(MATERIAL SHOWN):
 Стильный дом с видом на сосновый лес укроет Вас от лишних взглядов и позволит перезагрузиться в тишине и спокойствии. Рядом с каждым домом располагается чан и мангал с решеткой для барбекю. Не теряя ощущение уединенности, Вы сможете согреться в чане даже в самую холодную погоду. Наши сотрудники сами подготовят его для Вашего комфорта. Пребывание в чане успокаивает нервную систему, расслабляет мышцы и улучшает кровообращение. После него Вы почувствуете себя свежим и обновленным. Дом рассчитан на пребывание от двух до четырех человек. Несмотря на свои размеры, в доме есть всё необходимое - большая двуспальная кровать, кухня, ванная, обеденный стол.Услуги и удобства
---
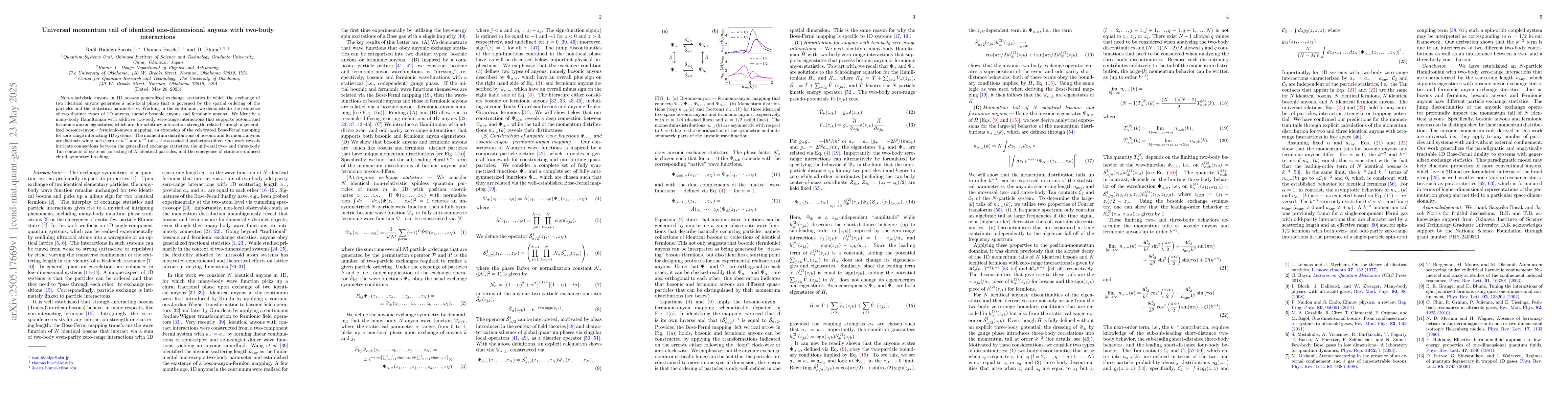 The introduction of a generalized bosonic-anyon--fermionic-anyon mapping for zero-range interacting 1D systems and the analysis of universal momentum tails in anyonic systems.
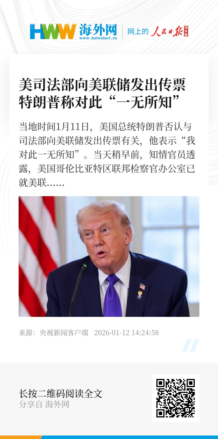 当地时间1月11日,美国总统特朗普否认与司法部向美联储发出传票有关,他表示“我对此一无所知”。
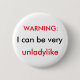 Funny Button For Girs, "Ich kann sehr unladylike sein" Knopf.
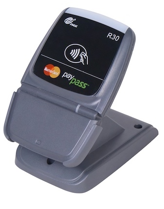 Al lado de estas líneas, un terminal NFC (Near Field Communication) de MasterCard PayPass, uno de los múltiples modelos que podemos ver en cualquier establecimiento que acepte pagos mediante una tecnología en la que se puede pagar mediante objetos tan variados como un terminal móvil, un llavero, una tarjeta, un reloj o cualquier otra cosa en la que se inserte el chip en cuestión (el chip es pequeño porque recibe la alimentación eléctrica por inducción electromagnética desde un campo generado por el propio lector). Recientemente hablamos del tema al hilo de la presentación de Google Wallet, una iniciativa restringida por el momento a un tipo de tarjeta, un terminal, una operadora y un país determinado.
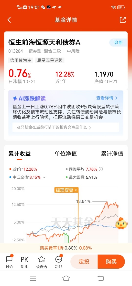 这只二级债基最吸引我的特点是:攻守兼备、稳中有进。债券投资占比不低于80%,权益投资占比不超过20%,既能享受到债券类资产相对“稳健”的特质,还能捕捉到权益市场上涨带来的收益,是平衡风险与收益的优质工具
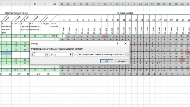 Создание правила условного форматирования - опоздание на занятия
...
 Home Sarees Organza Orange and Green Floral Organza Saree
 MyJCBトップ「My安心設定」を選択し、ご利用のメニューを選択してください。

(WHAT IS BEING ASKED):
Repeat exactly the lines above, from the line that contains "这只二级债基最吸引我的特点是" down through the line that contains "Создание правила условного". Include both of those lines and none of the pictures.

(WRITTEN REPLY):
 这只二级债基最吸引我的特点是:攻守兼备、稳中有进。债券投资占比不低于80%,权益投资占比不超过20%,既能享受到债券类资产相对“稳健”的特质,还能捕捉到权益市场上涨带来的收益,是平衡风险与收益的优质工具
 Создание правила условного форматирования - опоздание на занятия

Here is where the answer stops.